* **What you need to do**: Each line from the one with "BEIJING, Oct. 14" through the last line below must be written out exactly. Do not copy pictures.

═══ Data provided

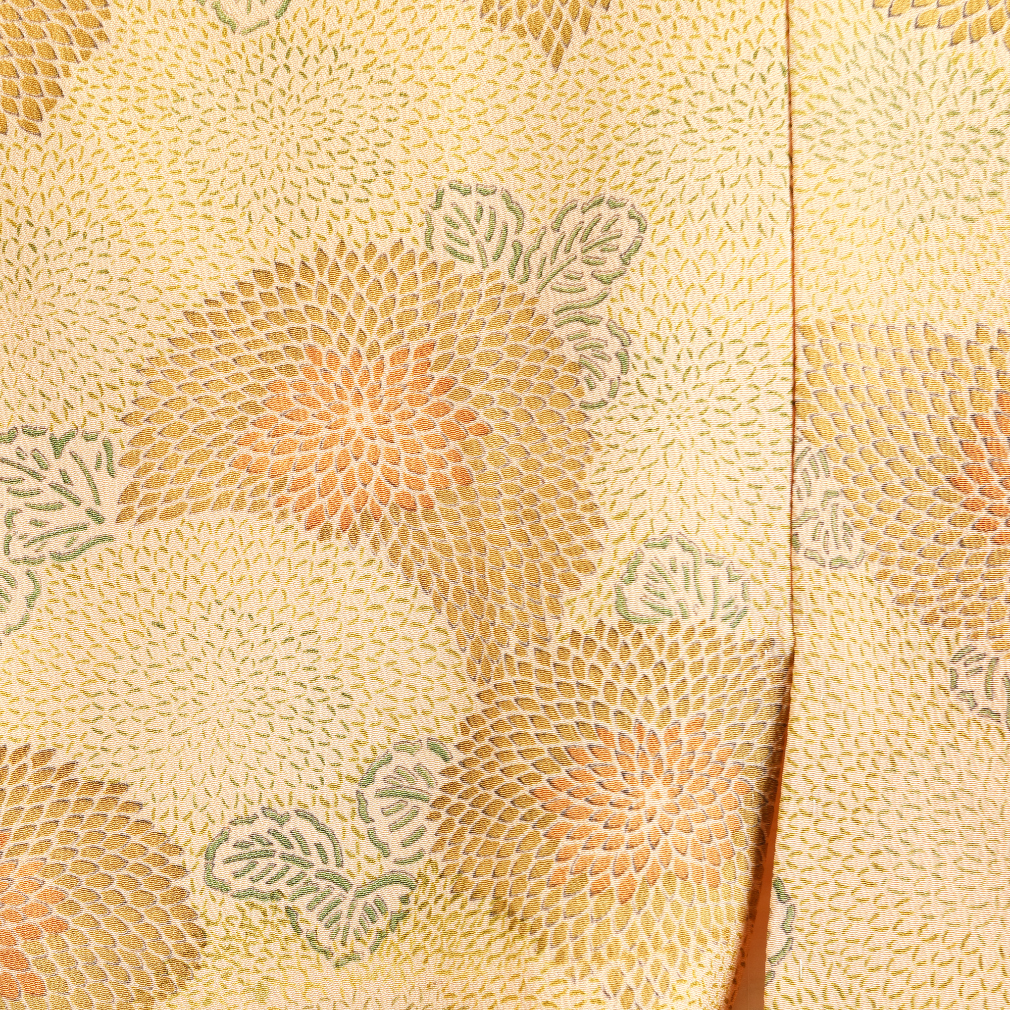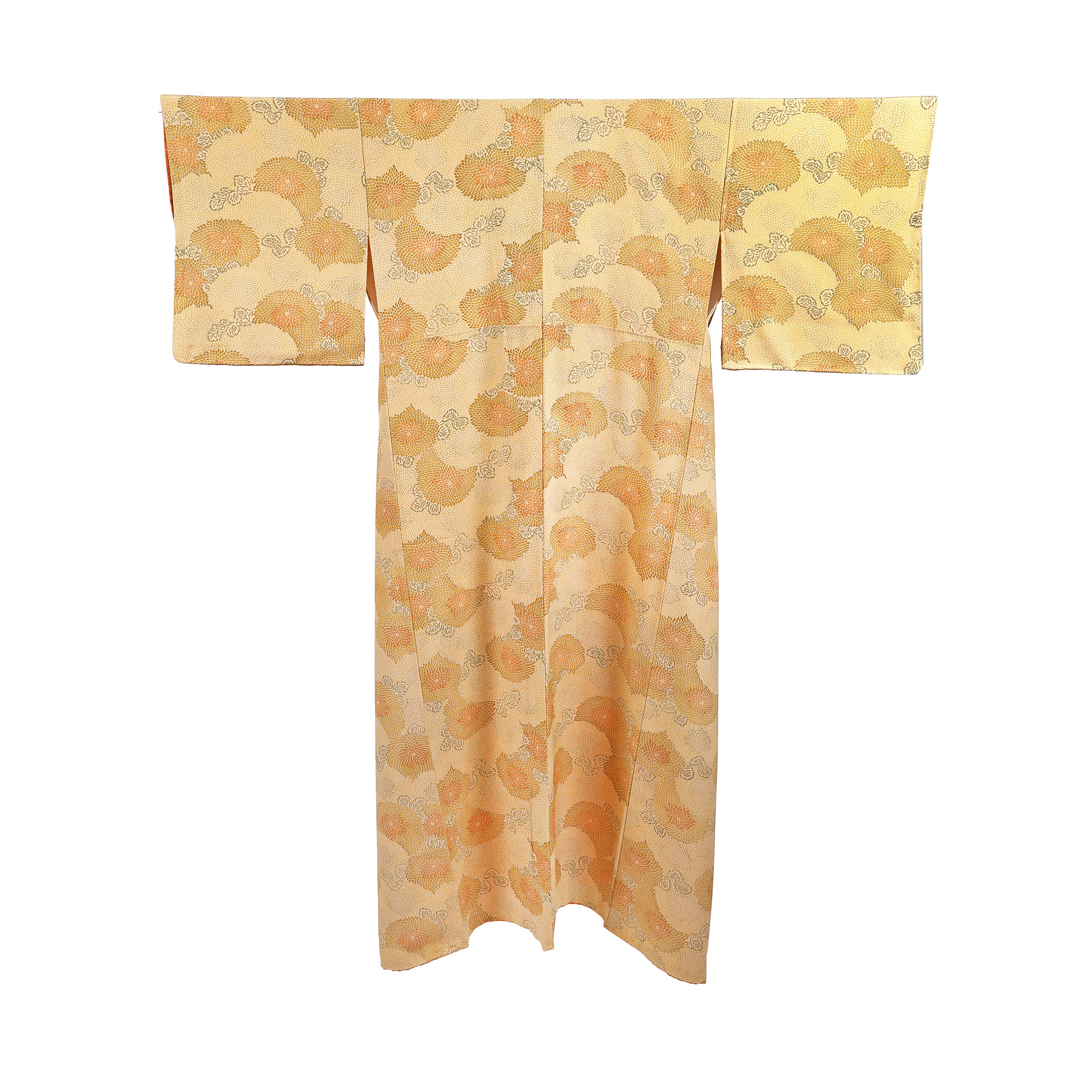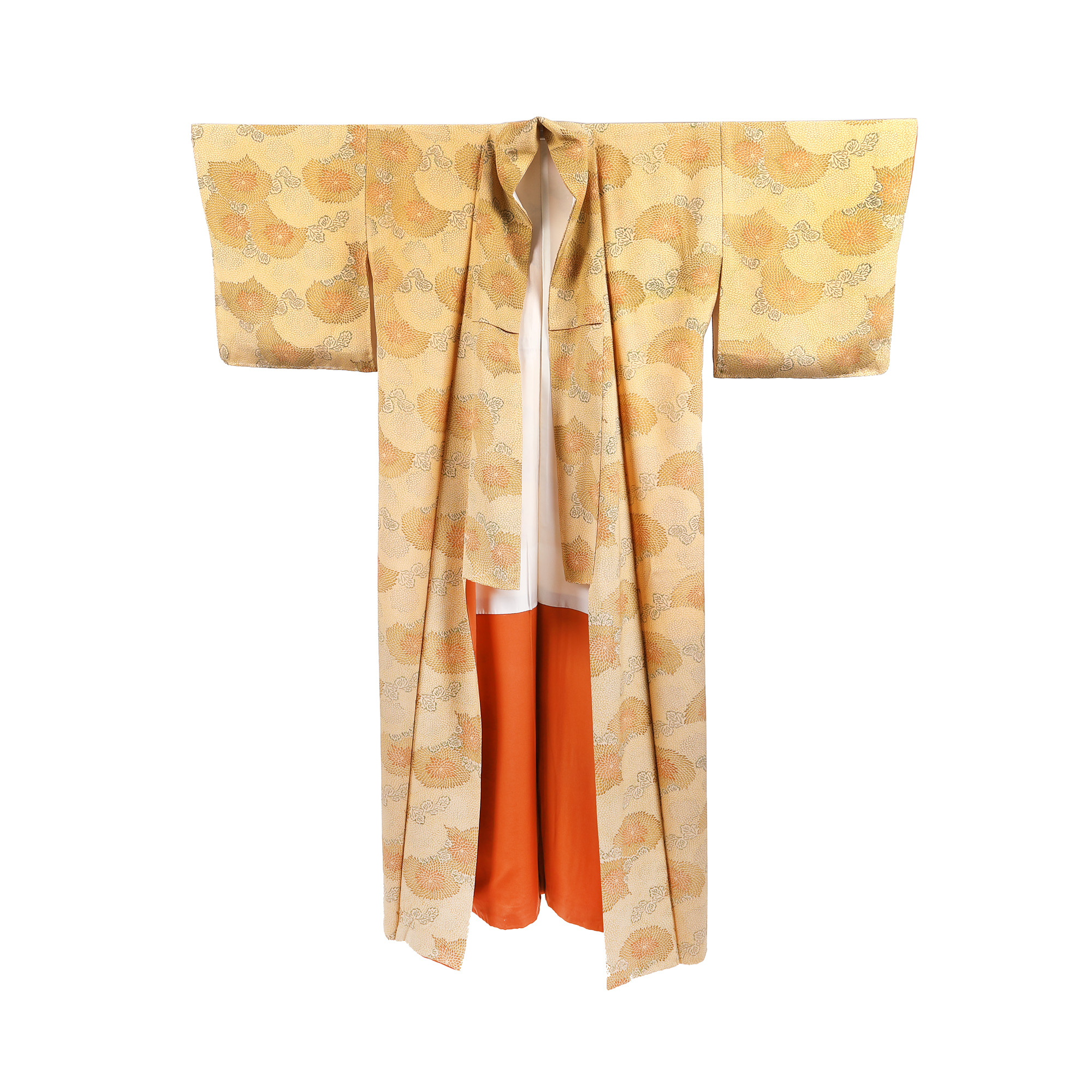 46. Tsukesage Houmongi (kimono semi-formal) din mătase, decorat cu crizanteme stilizate, Japonia, provine din colecția Iuliei Gorneanu [a doua jumătate a sec. XX]
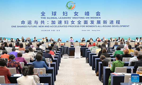BEIJING, Oct. 14 (Xinhua) — The Global Leaders' Meeting on Women concluded in Beijing on Monday afternoon, with Chinese State Councilor and All-China Women's Federation President Shen Yiqin and UN Under-Secretary-General and UN Women Executive Director Sima Bahous attending and delivering speeches.
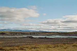 Þjórsá is a glacier river and has its source on the glacier Hofsjökull. It flows out through narrow gorges in the highlands of Iceland. Further downstream, another river, the Tungnaá, flows into it (see also Háifoss), before it enters the lowlands. There it passes the valley of Þjórsárdalur (Thjorsardalur) where the historical farm of Stöng is located.[2] In the lowlands it flows along the eastern border of the Great Þjórsá Lava.
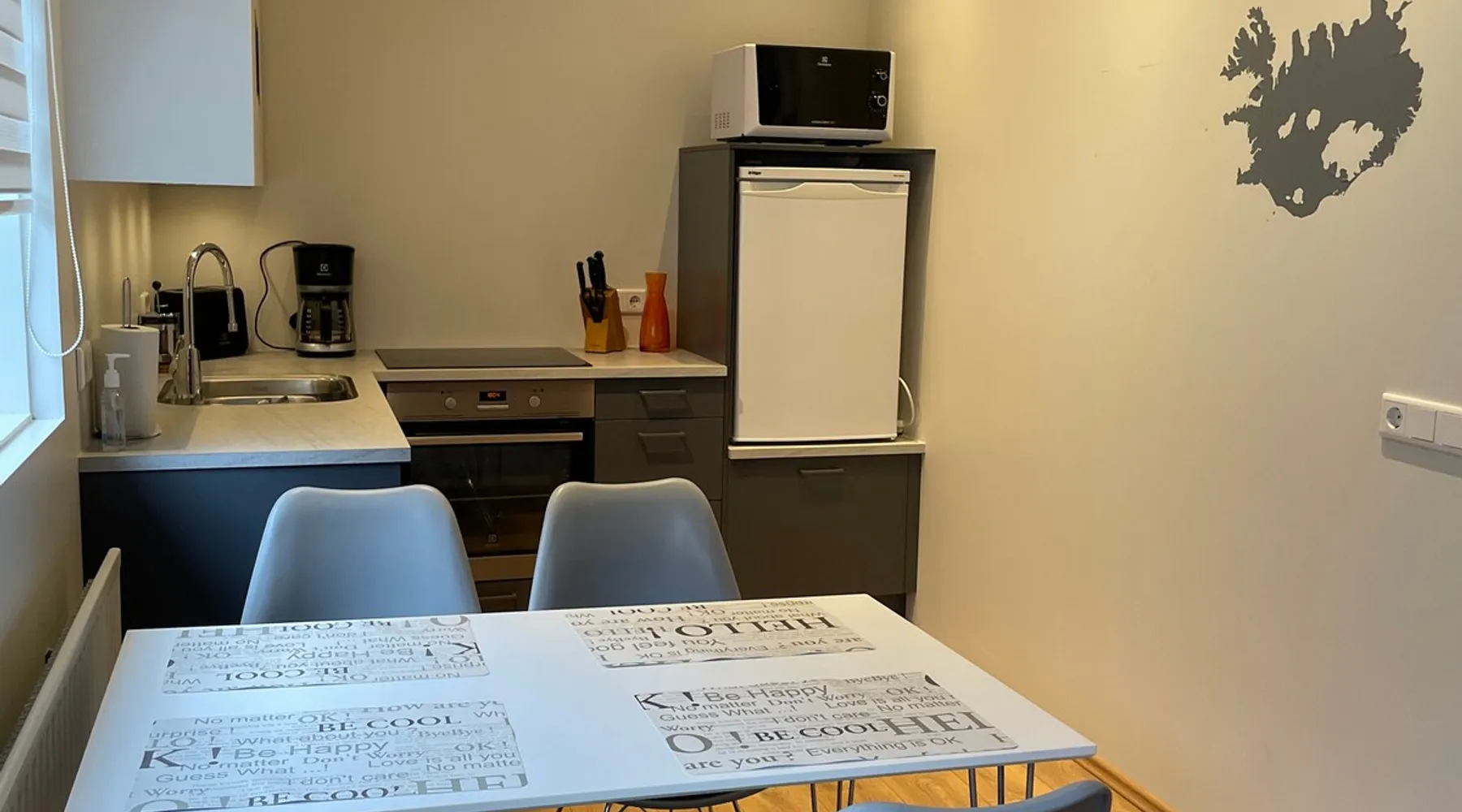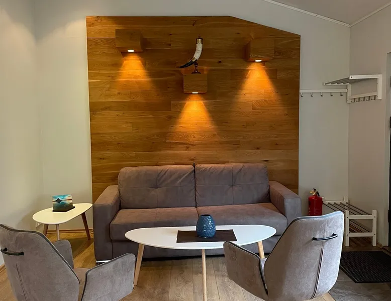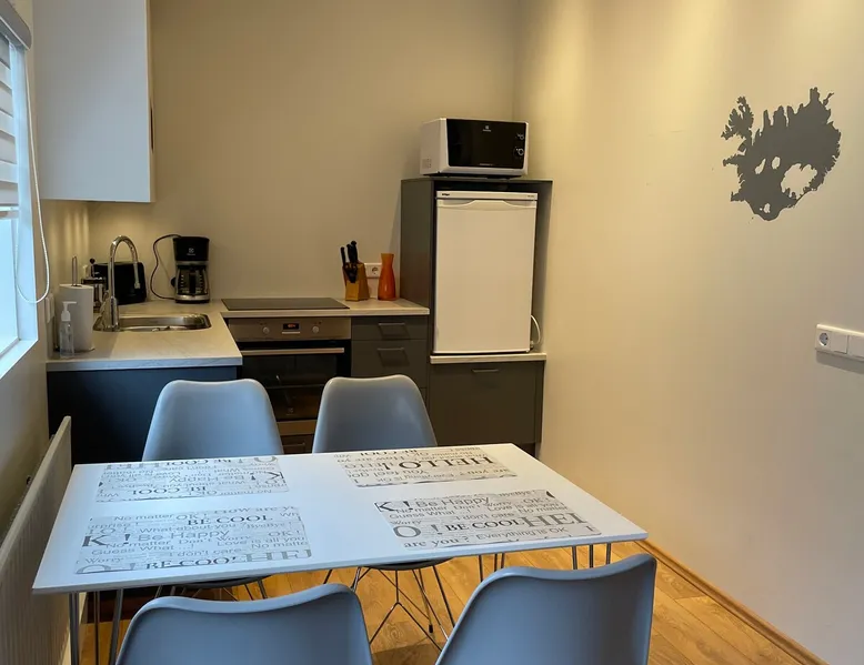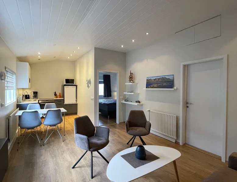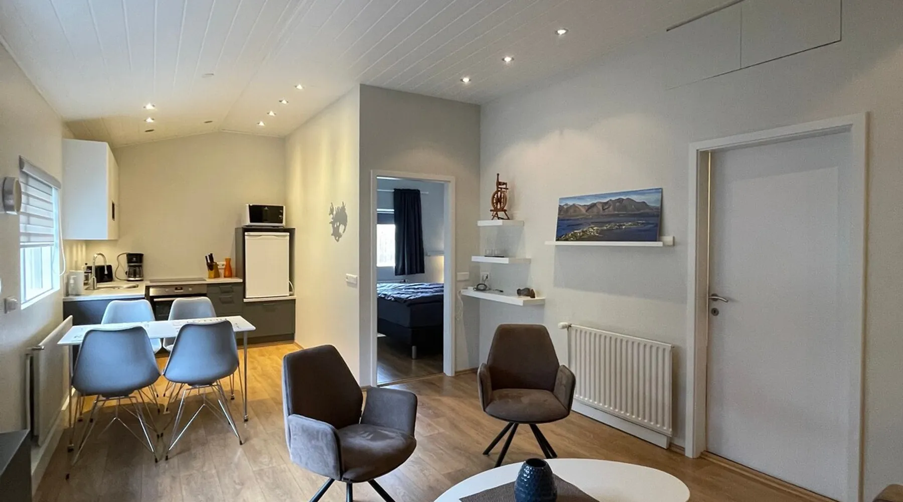 Beautiful small guesthouse-apartment with one bedroom, bathroom, and a fully equipped kitchen. The space A small and a cozy guesthouse, in a converted detached garage (next to our house), that accommodates up to four people. The location is in a quiet residential neighborhood. There is one bedroom with a queen size bed and in the living is a sofa bed. With a fully equipped kitchen and a bathroom with a walk in shower. Sleeps up to four people. Two persons in bedroom and two persons in a sofabed in the living room. The bedroom has blackout curtains for our midnight sun. License number: HR-00000343 Guest access You have the entire apartment for yourself.

══════

* **Solution for this exercise**:
BEIJING, Oct. 14 (Xinhua) — The Global Leaders' Meeting on Women concluded in Beijing on Monday afternoon, with Chinese State Councilor and All-China Women's Federation President Shen Yiqin and UN Under-Secretary-General and UN Women Executive Director Sima Bahous attending and delivering speeches.
 Þjórsá is a glacier river and has its source on the glacier Hofsjökull. It flows out through narrow gorges in the highlands of Iceland. Further downstream, another river, the Tungnaá, flows into it (see also Háifoss), before it enters the lowlands. There it passes the valley of Þjórsárdalur (Thjorsardalur) where the historical farm of Stöng is located.[2] In the lowlands it flows along the eastern border of the Great Þjórsá Lava.
 Beautiful small guesthouse-apartment with one bedroom, bathroom, and a fully equipped kitchen. The space A small and a cozy guesthouse, in a converted detached garage (next to our house), that accommodates up to four people. The location is in a quiet residential neighborhood. There is one bedroom with a queen size bed and in the living is a sofa bed. With a fully equipped kitchen and a bathroom with a walk in shower. Sleeps up to four people. Two persons in bedroom and two persons in a sofabed in the living room. The bedroom has blackout curtains for our midnight sun. License number: HR-00000343 Guest access You have the entire apartment for yourself.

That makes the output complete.